PROBLEM DESCRIPTION:
Find the line with "Lista de participantes: Danny" in the entries below, then output every line from it down to the line with "A semi-fitted shirt", exactly and with no pictures.

RECORDS:
□ □ □

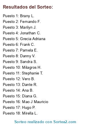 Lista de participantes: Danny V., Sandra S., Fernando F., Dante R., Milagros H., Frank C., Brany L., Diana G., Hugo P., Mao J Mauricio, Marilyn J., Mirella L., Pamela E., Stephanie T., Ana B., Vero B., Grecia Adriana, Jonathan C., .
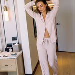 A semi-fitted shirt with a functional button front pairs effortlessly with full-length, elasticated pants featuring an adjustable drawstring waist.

□ □ □

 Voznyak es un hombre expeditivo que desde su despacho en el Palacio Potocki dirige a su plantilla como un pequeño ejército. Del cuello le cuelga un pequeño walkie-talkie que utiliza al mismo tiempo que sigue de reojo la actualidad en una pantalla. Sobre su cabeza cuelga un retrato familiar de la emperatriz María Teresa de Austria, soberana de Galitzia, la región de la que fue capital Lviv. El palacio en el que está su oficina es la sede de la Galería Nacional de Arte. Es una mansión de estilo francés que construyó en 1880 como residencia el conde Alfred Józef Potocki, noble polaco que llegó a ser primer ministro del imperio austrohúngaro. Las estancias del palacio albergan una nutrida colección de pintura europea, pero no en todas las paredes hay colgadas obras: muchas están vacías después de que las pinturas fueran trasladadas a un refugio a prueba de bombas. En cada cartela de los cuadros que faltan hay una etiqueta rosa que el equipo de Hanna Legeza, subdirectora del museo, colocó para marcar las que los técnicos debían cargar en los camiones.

□ □ □

FINAL ANSWER:
 Lista de participantes: Danny V., Sandra S., Fernando F., Dante R., Milagros H., Frank C., Brany L., Diana G., Hugo P., Mao J Mauricio, Marilyn J., Mirella L., Pamela E., Stephanie T., Ana B., Vero B., Grecia Adriana, Jonathan C., .
 A semi-fitted shirt with a functional button front pairs effortlessly with full-length, elasticated pants featuring an adjustable drawstring waist.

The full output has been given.